Credit: BSA LifeStructures (Photographer: Caleb Tkach, AIAP)

 

In 1931, the University of Texas-Austin created a space that was progressive for the time. The Anna Hiss Gymnasium was the first women’s gymnasium on campus, later named for the director of women’s sports who worked for 36 years at the university.

More than 90 years on, it’s fair to say no one then could imagine how the facility would be used today, but with the right vision and creative planning, the facility now stands as Texas Robotics, a forward-looking laboratory that blends the technical with the creative while leaning into the history that is a hallmark of the campus.

Renovating a historic building into a high-tech lab with the flexibility to serve multiple disciplines is no small undertaking.

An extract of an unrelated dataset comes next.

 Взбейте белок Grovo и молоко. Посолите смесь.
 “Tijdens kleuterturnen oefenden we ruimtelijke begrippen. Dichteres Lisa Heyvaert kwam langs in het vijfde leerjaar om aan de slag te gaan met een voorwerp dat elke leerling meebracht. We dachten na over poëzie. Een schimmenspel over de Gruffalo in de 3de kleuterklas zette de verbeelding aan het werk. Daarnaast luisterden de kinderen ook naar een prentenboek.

While general audiences see the obvious updates in the refurbished windows and copper flashing, less apparent is the infrastructure needed to accommodate the activities planned by the new occupants. Now a case study in adaptive reuse, Anna Hiss showcases how purposeful and elegant engineering solutions can reshape a historic structure into a showcase laboratory.

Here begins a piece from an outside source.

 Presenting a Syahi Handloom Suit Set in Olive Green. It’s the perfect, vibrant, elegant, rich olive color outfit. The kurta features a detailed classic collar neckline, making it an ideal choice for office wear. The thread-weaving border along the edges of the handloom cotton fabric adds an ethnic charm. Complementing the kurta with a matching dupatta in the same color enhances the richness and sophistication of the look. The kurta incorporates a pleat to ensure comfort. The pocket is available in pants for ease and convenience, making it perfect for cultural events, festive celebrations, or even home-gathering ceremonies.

Shaping an engineering robotics lab

With the goal of mutually benefitting researchers studying robotic gait movement those experimenting with drones to collaborations with the School of Design and Creative Technologies who share the space, the facility required both creative and technical expertise to modify spaces that could be functional and flexible.

The project team had to add power capability including new additional space for exterior switch gear as well as carving out interior space for large electrical infrastructure necessary to bring the building up to the capacity required for research. The team created new IT runs for the high levels of data required for the research, installing them along the spine of the building and then down the major corridors which were hidden in light coves to make them unnoticeable.

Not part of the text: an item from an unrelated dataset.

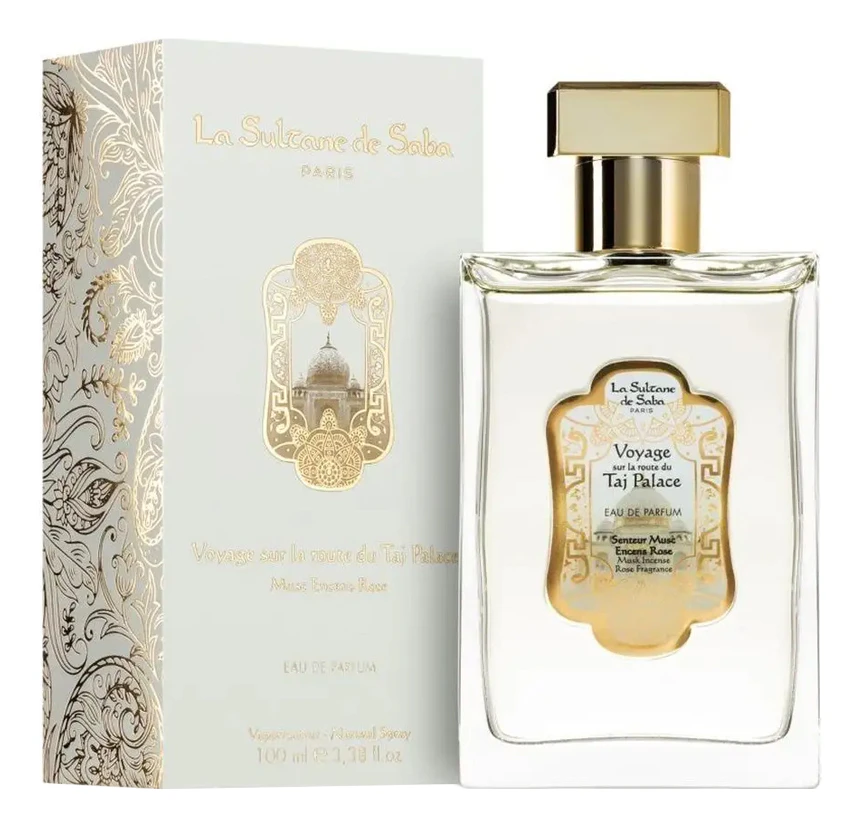 La Sultane De Saba Voyage Sur La Route Du Taj Palace - Musc Encens Rose — роскошные унисекс-духи с восточным ароматом, выпущенные в 2020 году французским брендом нишевой парфюмерии La Sultane De Saba. Нежные и загадочные духи, словно натуральное аювердическое лечение, яркое неординарное путешествие на загадочный таинственный Восток.

The robotics labs, located on the lowest level of the south wing, required intensive support and data and was also the longest run furthest from the IT room. Protecting the aesthetics of the space, teams used a path that was already identified and combined it with a pathway that followed a circulation corridor. Rather than branching off, the pathway was contained in a defined area of conduit runs, data, and ducts. 

Accommodating the variety of the research planned for the facility mandated careful programming of the spaces because of the size of the equipment, certain floor areas were more optimal than others to facilitate certain research. In one area where researchers study gait, the research required both a treadmill installed into the floor level with the slab as well as power and cameras around the area to facilitate the study.

In another area of the building, a mezzanine allowed lower ceiling heights in the gym to mount cameras and test for home applications. Enabling researchers to design mock apartments or kitchens gave them lower camera angles and observation points for real-world testing and documentation, while at the same time, the large open volume of the gym next to the mezzanines allowed two-story drone research that required higher ceiling heights.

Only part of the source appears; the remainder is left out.